RE: [Re: RPGILE V4.3 Gotcha]

You're right, what I was trying to say is that C doesn't  care about the
overflow in the signed (or unsigned) integer.  If you overflow a signed
integer you'll most likely get a negative, overflow an unsigned integer
you'll probably get something smaller than you expected.

There's also the thing with floating point calculations that should result
in zero, but that's just a formatting issue. <g>
> -----Original Message-----
> From: Jim Langston [mailto:jlangston@conexfreight.com]

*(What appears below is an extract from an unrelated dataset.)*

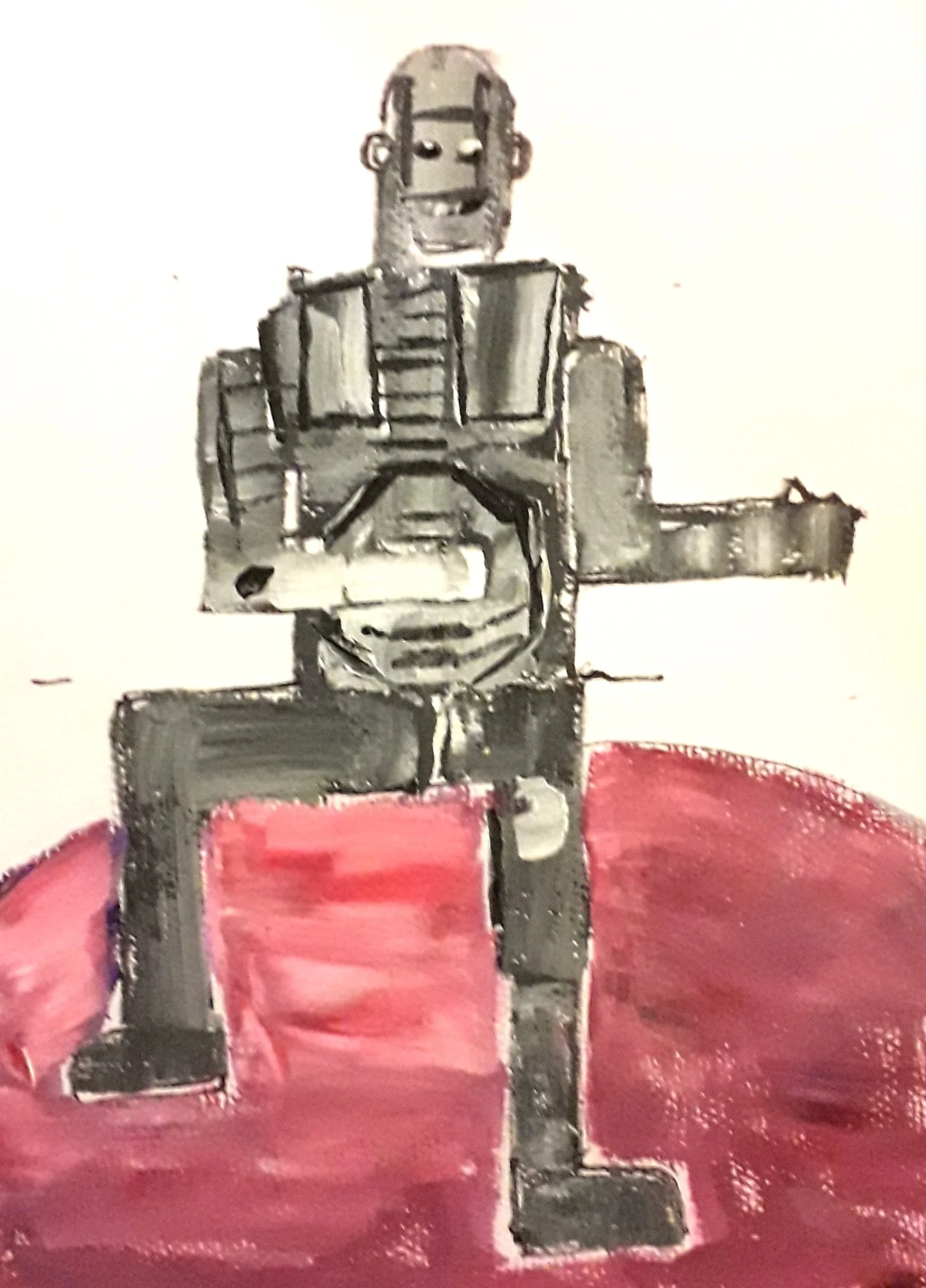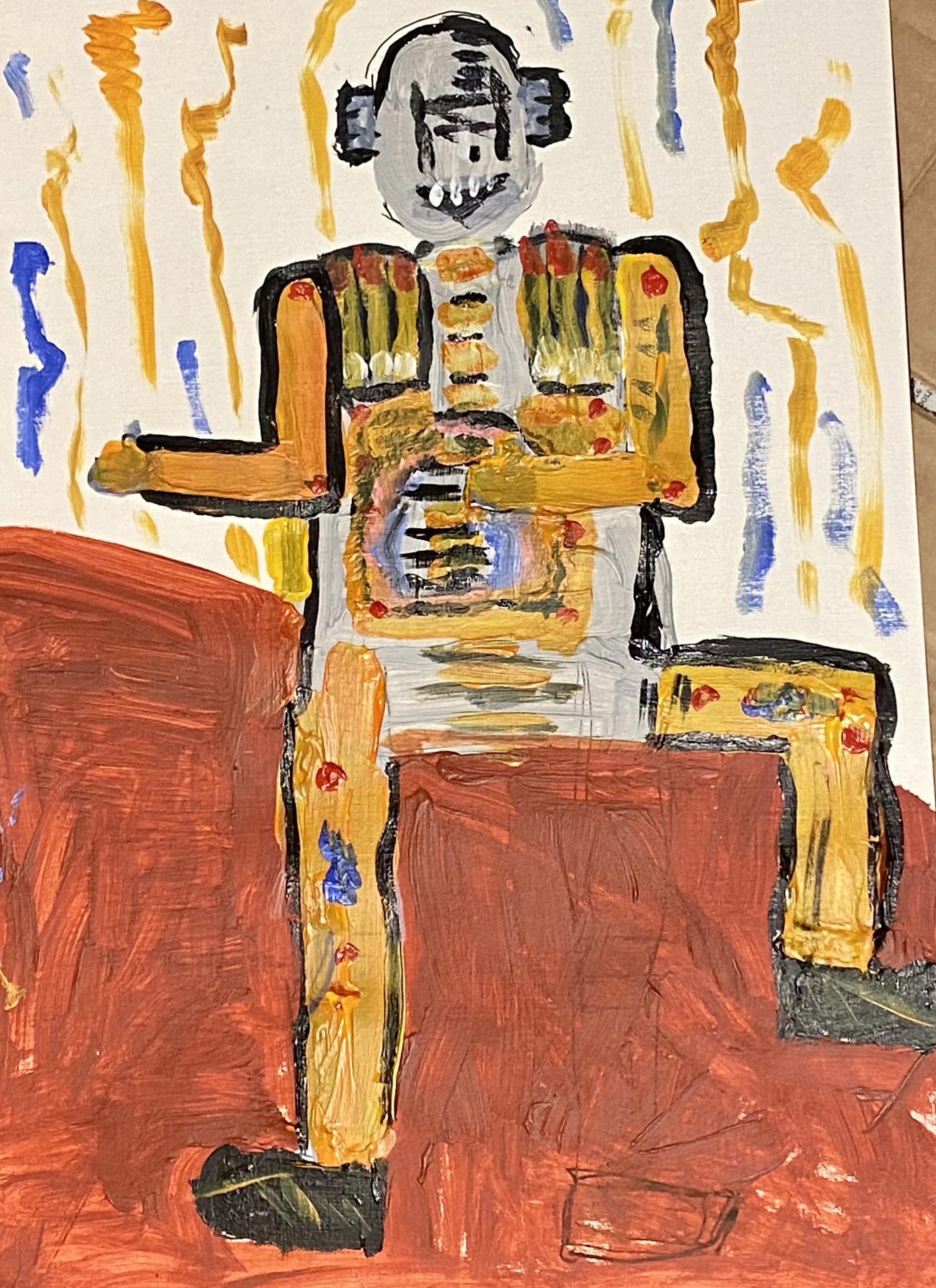 Jemima chose a robot to paint for the 1st session in 2022. We called him Roddy the Robot, and started by drawing him out on the paper, using rectangles for the main body features. She had help from her dad.

> Sent: Friday, October 08, 1999 3:05 PM
> To: RPG400-L@midrange.com
> Subject: Re: [Re: RPGILE V4.3 Gotcha]
> 
> 
> Like I was saying, 65100 stored in a SIGNED integer is -436.  
> Unsigned it would
> be 65100.
> 
> Regards,
> 
> Jim Langston
> 
> Joel Fritz wrote:
> 
> > My recollection from turbo c++ back in 91 or so, that was 
> the way integer
> > overflow worked.  I think unsigned integers just wrapped 
> which is the
> > behavior you're seeing except it's going through the two's 
> complement
> > translation into negative numbers.  It's actually a lot 
> like RPG truncation
> > because the leftmost binary digit goes to the bit bucket.
> > e.g. 1111 1111 1111 1111 + 0000 0000 0000 0001 = 0000 0000 0000 0000
> >
> > My C teacher's favorite saying was "C doesn't care."
> >
> > > -----Original Message-----
> > > From: Jim Langston [mailto:jlangston@conexfreight.com]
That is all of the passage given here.